The question gets complicated, though, when we’re talking about which authority we should take when it comes to knowing about natural phenomena: should we take scientific authority, whose domain it is to deal with nature, or Scriptural authority, whose domain it is to deal with… what exactly? Does Scripture deal solely with the spiritual? Ought we trust Scripture to tell us truth about the natural world more than we trust science to do so? The study of natural phenomena, while informed by Scripture, is probably not the main kind of knowledge Scripture is concerned with. So Gungor’s distinction is understandable––Scripture is not a collection of scientific data, per se, and we should interpret each book with its individual genre as well as the context of the whole Bible in mind. This can be a slippery slope, though: if we invalidate the historicity of the Genesis origins account, for instance, our theology will be thrown out of whack. Science can tell us directly and explicitly about natural phenomena, but only Scripture can tell us that directly and explicitly about God and his works. And the creation of the universe is a very special work of God, its theological significance rooted in historical facts.

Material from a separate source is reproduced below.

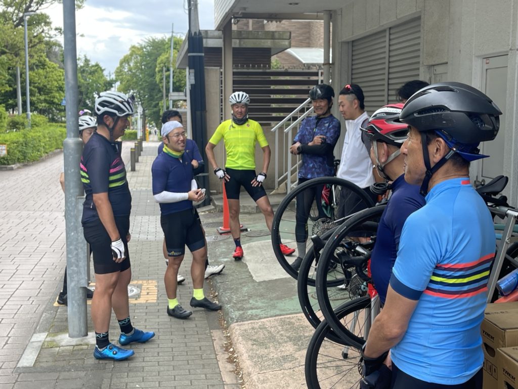 朝8時に集合したらまずはブリーフィングから。今回は事前の案内から一部ルートの変更箇所があり、コース確認を全体で共有し、また風が強い日だったため、横風の注意や集団走行時のハンドサインについて注意を行いました。

It makes sense to trust that God’s explicit words to us in his special revelation will tell us more truth about reality than what we seek to discover on our own resources (granted, the resources God gave us to do so––like the ability to do scientific inquiry). Why? Because reality is not only material conditions. It makes sense to look to the author of Scripture for the most definitive, reliable knowledge about reality because he is also the author of all reality––he spoke it all into existence, speaks it all together for sustained existence, and will speak it all anew one day. It’s his direct Word we Christians should trust above all other sources of knowledge––his Word is the ultimate authority on reality.